Agora vai a caminho dos 66 anos e nesta manhã-ainda-não-chove chegou há pouco ao Parlamento para o que será um infernal dia de cima a baixo no labirinto da Assembleia da República, ao fim de 26 anos de muitos infernais dias de plenário. Porque todas as televisões e todos os jornais querem captá-la no seu penúltimo dia de deputada, e não é possível avaliar a dimensão do sobe-e-desce parlamentar. Em alas históricas ou pós-modernas, os degraus, laterais, centrais ou subterrâneos, são demasiados.
Primeira escada do dia, pelas 11h, a caminho da entrevista que abre a agenda, "Diário de Notícias".
E às 12h30 aí vem ela de vermelho escuro, cabelo, casaco e sapatos. Sapatos com laço na ponta e já sem tinta no calcanhar, cambados. Casaco de mãos nos bolsos a deformar o veludo e gola torta na nuca. Cabelo vermelho com sobrancelhas pretas.

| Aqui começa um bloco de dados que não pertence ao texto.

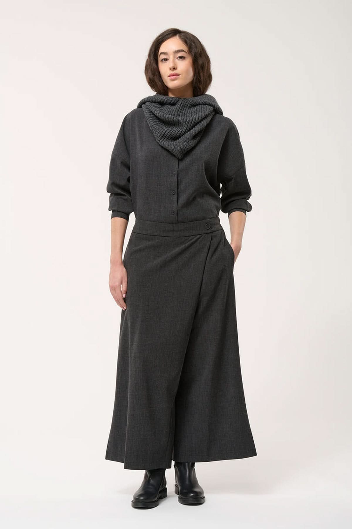Description : Ce pantalon large revisite les codes du style contemporain avec une coupe fluide et un tombé impeccable. Son effet portefeuille à la taille apporte une touche d’originalité tout en allongeant la silhouette. À associer avec un haut ajusté ou une chemise pour un look élégant et décontracté à la fois.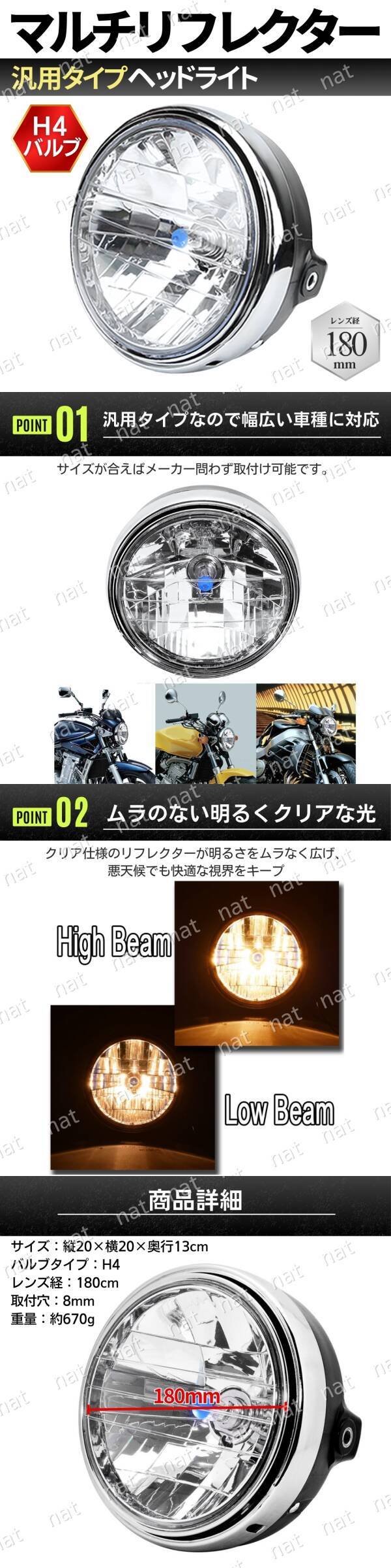 マルチリフレクター ヘッドライト バイク 汎用品 180mm/パイ H4 社外品 CB400SF CB1300SF VTR250 ホーネット250 XJR400 ヤマハ カワサキ 收藏

Alguém que se arranjou para este dia, mas não tem jeito para acreditar demasiado nisso. Nem cuidar um pouco das unhas, quanto mais. Era para vir de calças, mas quando ia a sair de casa descobriu que "estavam descosidas" e então está de saia, como na crítica.
A propósito.
Pergunta on the road, enquanto a deputada trota corredor fora, para recuperar o atraso na agenda: "Lembra-se daquela crítica... ?"

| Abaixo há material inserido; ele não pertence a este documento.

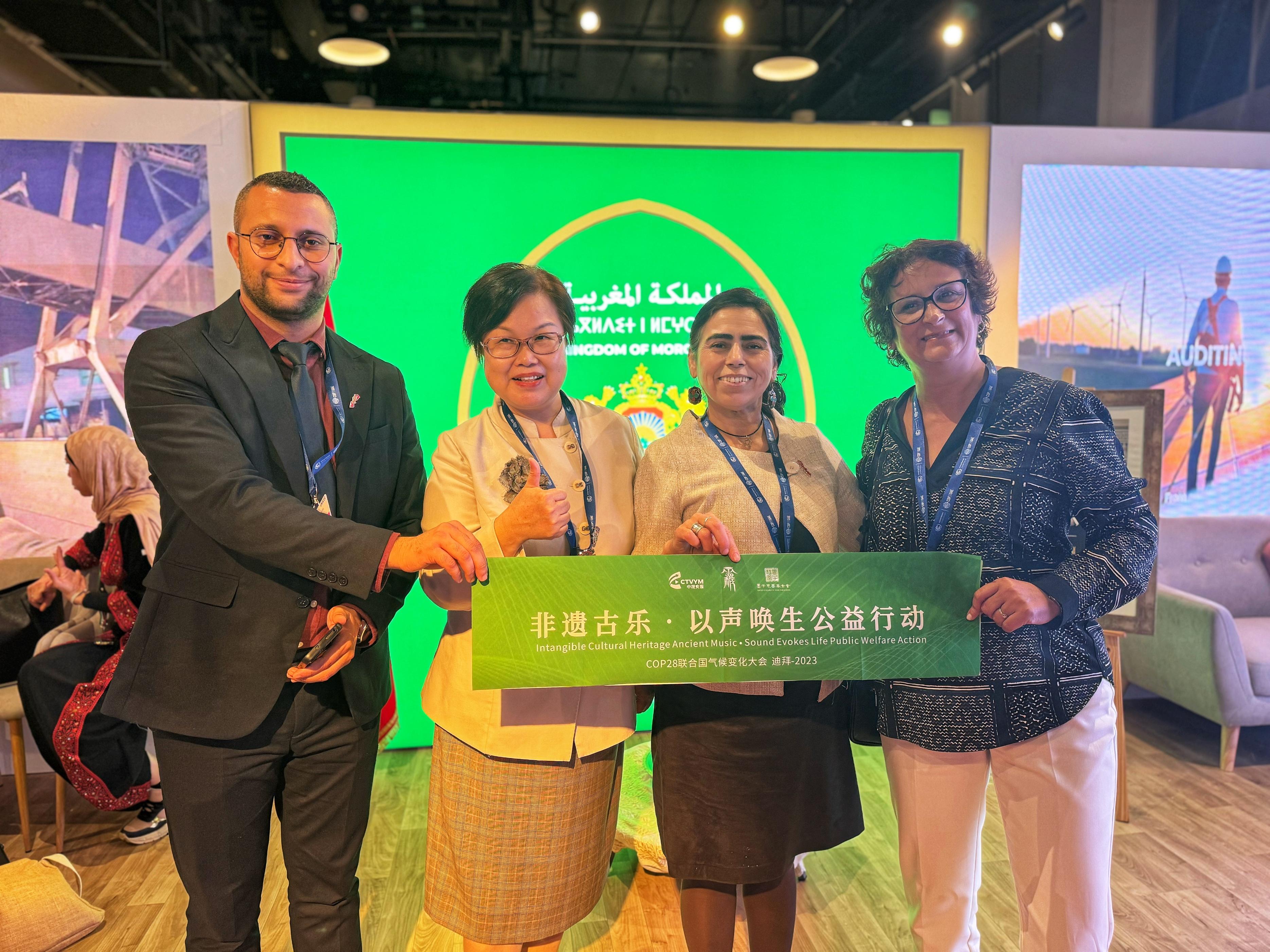 12月4日,一项特别的发布活动引起了众多来宾的关注——由墨子慈善基金会代表团在中国馆现场发布“非遗古乐·以声唤生”非遗古乐保护与传承公益基金计划。该计划是由墨子慈善基金会、中视央媒(国际)传媒集团有限公司、深圳心布洛文化传播有限公司等公益机构与企业在中国国内联合发起,本次在联合国气候变化大会中国馆隆重发布旨在进一步宣传和推广非遗古乐,提高国际社会对非遗文化的认识和保护意识。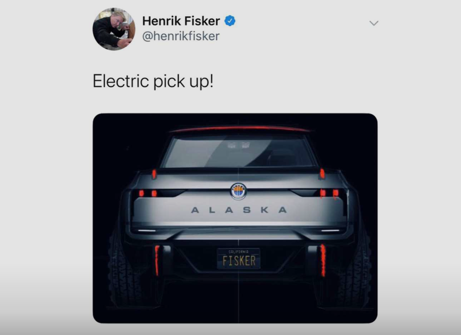 据外媒报道,电动汽车初创企业Fisker首席执行官Henrik Fisker周三在其个人推特帐户上意外发布了一张可能是该公司全新电动皮卡的照片,并附有简短标题:“电动皮卡!”。目前该推文已被删除。Fisker告诉Roadshow,该消息是“无意发布的,已被迅速删除”。Motor1获取了可能的电动皮卡的截图,图像显示它的名字叫阿拉斯加(Alaska)。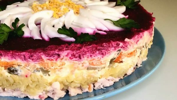 Описание: Салат "Хризантема". Люблю его больше селедки под шубой.Сегодня я готовлю салат - хризантема, это салат на основе копчёной грудки.Такой вариант салата украсит любой праздничный стол и составит достойную конкуренцию всем известным салатам, таким как оливье, мимоза и сельдь под шубой!Процесс приготовления: (список ингредиентов вы можете найти в конце статьи).1. Варю яйца. Отделяю белки от желтков и нарезаю белки на лепестки.2. Натираю желтки на мелкой терке.3.Смешиваю вареную натертую свеклу, чеснок, соль и растительное масло.4. Выкладываю в разъемную форму копченую грудку и смазываю ее майонезом.5.Затем выкладываю натертый вареный картофель и промазываю его майонезом.6.Сверху выкладываю 2/3 натертых желтков и снова добавляю майонез.7. Следующий слой - соленые огурчики. Майонез на этот слой я не добавляю.8. Затем отправляю к салату вареную морковь.9. Смазываю морковь майонезом.10. Завершающим слоем я выкладываю свеклу с чесноком и маслом.11. Затем, в качестве украшения, я выкладываю из белков порезанных на лепестки, цветок в виде большой хризантемы.12. В середину цветка высыпаю оставшуюся одну треть натертых желтков13. Украшаю цветок листиками петрушки. Убираю салат в холодильник для пропитки на некоторое время.14. Аккуратно снимаю разъемную форму15. Подравниваю края салата при помощи ложкиСалат готов! Такой салат прекрасно украсит любой праздничный столПриятного аппетита!Ингредиенты:Копчёное куриное филе - 300 гМорковь отварная - 2 штКартофель отварной - 2 штСвекла отварная - 2 штОгурец солёный - 2-3 штЧеснок - 2-3 зубчикаЯйца - 3 штМайонез - по вкусуРастительное масло - 2 ч.л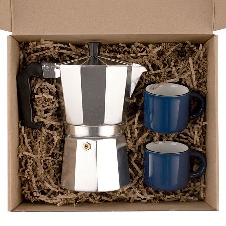 кофеварка - алюминий, пластик; кружка - фаянс; коробка - микрогофрокартон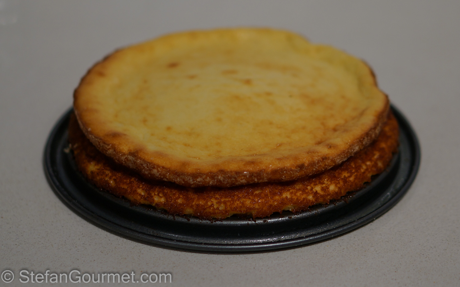 A friend who came over for dinner announced he would bring a late harvest Sauvignon Blanc, a Sancerre to be more precise. This is the dessert that I came up with to accompany it: cheesecake made from goat cheese. Goat cheese goes very well with regular dry Sancerre, so I figured a cheesecake made from goat cheese would work well with the sweet variety of the same wine. And so it did. I adapted the recipe from this one. It is a nice simple cheesecake without a crust and quite light for a cheesecake.

Odete Santos pára e leva a mão ao peito, como se tivesse levado um tiro. Se se lembra. É um atalho para toda uma outra vida. "Arranje-me uma cópia, nunca a guardei..."
E com a SIC lá adiante, à espera, e a assessora de imprensa Paula Barata atrás, toca a andar, sem parar nem quando a deputada Celeste Correia vem dar um beijinho e falar naquele "anúncio da mariscada" na rádio. "Parece a tua voz!", insiste a socialista, tentando acompanhar o ritmo. "Não quero saber!", vai dizendo Odete Santos. "Que me imitem, que digam mal de mim!"

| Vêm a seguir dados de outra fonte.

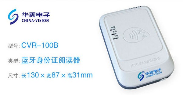 华视CVR-100B是蓝牙型身份证阅读器,该设备符合ISO14443 Type B国际标准,采用无线传输方式,读取第二代身份证内信息。华视CVR-100B配备高性能PDA作为服务终端,与核查设备通过蓝牙连接高速无线的联机作业,PDA通过订制的应用程序除读取身份证信息外,还具有信息保存,查询,导出,上传,后台比对等功能等功能。PDA采用高质量触摸彩色显示屏,轻松实现软件功能的各项操作。内置可充式高能锂电池,保证在无外接电源情况下,也能长时间连续工作。该设备体积小巧,操作简便,可灵活应用于公安,民政,银行,宾馆,邮局,证券等场所进行身份证核验。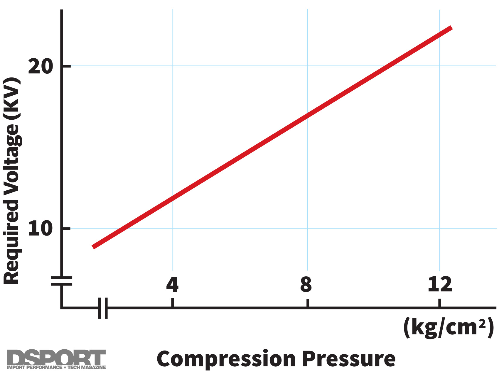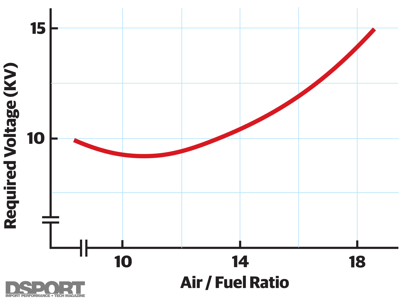 The required voltage to properly ignite the air/fuel mixture within the combustion chamber goes up as the mixture becomes leaner and the cylinder pressure increases.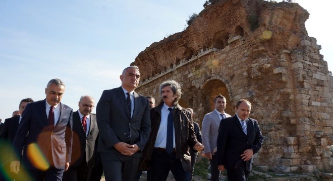 Bakan Ersoy, Tralleis’te yapılan kazı çalışmaları hakkında kazı başkanı Atatürk Üniversitesi Edebiyat Fakültesi Arkeoloji Bölümü Öğretim Görevlisi Prof. Dr. Nurettin Öztürk’ten bilgi aldı.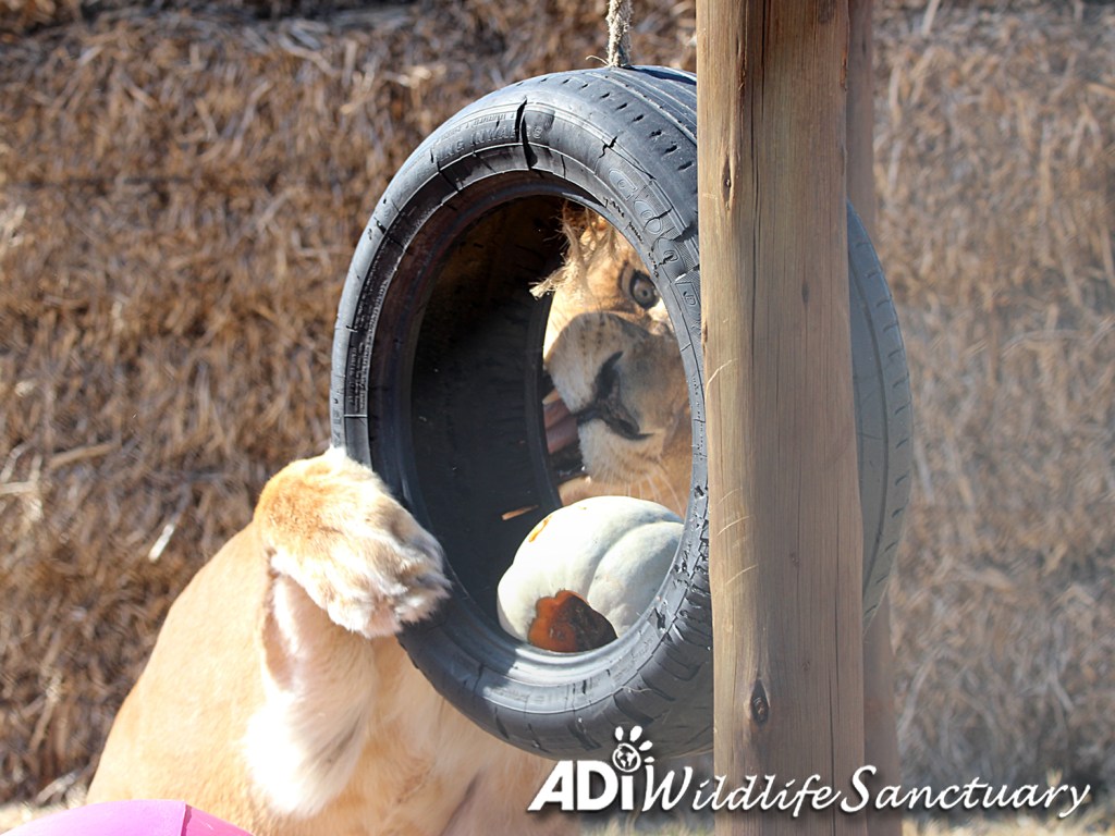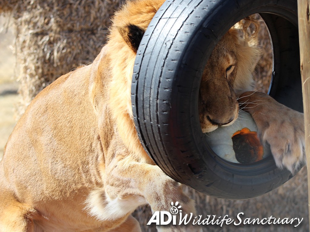 Just a small amount – for example the cost of a cup of coffee – helps provide treats and fun for the lions and tigers at ADIWS.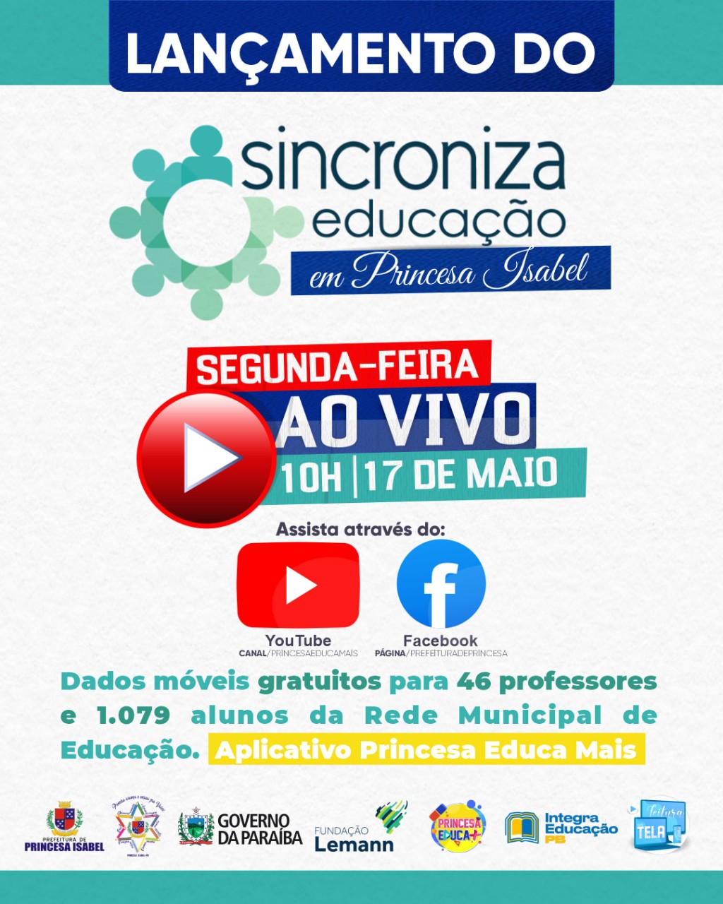 O lançamento do Sincroniza Educação em Princesa Isabel será na próxima segunda-feira, 17 de maio, às 10h, na página da Prefeitura de Princesa Isabel e no canal Princesa Educa Mais, no YouTube!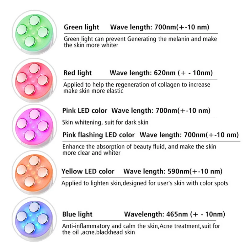 1. Красный светодиодный светильник: Красный светодиодный светильник используется для лечения вмятин, светодиодный, для улучшения регенерации коллагена и кожи; 2. Зеленый светодиодный светильник: Зеленый светодиодный светильник используется для лечения темных пятен или обесцвечивания кожи, чтобы предотвратить перепроизводство меланина. 3. Синий светодиодный светильник: Синий светодиодный светильник используется для лечения акне и жирной кожи. 4. Желтый светодиодный светильник: Желтый светодиодный светильник используется для осветления кожи. Подходит для кожи с темными пятнами и тусклыми участками. 5. Розовый Светодиодный светильник: Розовый Светодиодный светильник используется для отбеливания кожи. 6. Мигающий Розовый Светодиодный светильник: Розовый Светодиодный светильник используется для облегчения проникновения средств по уходу за кожей.

E cá estão os degraus, que ela tem de descer devagar, pondo os dois pés em cada um, mas despachando a agenda de caminho. "Esse programa Praça da Alegria, isso é em Lisboa... ai ao Malato vou, vou."
Um patamar para onde convergem várias escadas chama a atenção do fotógrafo Rui Gaudêncio, que lhe pede para parar uns segundos. E logo Odete Santos fica imóvel, de mãos nos bolsos a arrepanhar o casaco para a frente, e a voz-que-todos-conhecem ecoando pelas galerias, vinda lá do fundo.
Ao chegar, vinha zangada com o que o tablóide 24 Horas lhe fizera, pô-la de língua de fora na capa. Mas uns minutos de conversa com Gaudêncio e decidira que por uns não devem pagar outros. É de quem não remói e avança.
"Gosto do Malato, sim senhor", prossegue, subindo outra vez os degraus que descera para as fotos. "Até colaborou na campanha do sim..."
De derrota em derrota até à vitória final, o que esta mulher investiu de trabalho no sim à despenalização do aborto. E agora sai do Parlamento, mas com ele debaixo do braço, ainda que não seja o sim que queria.
O regresso do marisco
O primeiro-ministro vai à televisão logo à noite mostrar papéis. A polémica da licenciatura é o hit da actualidade.
"Quer ver o meu diploma?", lança, mal avista Anabela Neves, a repórter parlamentar da SIC. E com a comitiva agora engrossada pela equipa de televisão, o grupo prossegue corredor fora.
"Sra. deputada, já tenho saudades!", exclama o deputado Ricardo Rodrigues, que não precisa de mais palavras para mostrar que é da Madeira. Beijinhos quase em movimento e Odete segue.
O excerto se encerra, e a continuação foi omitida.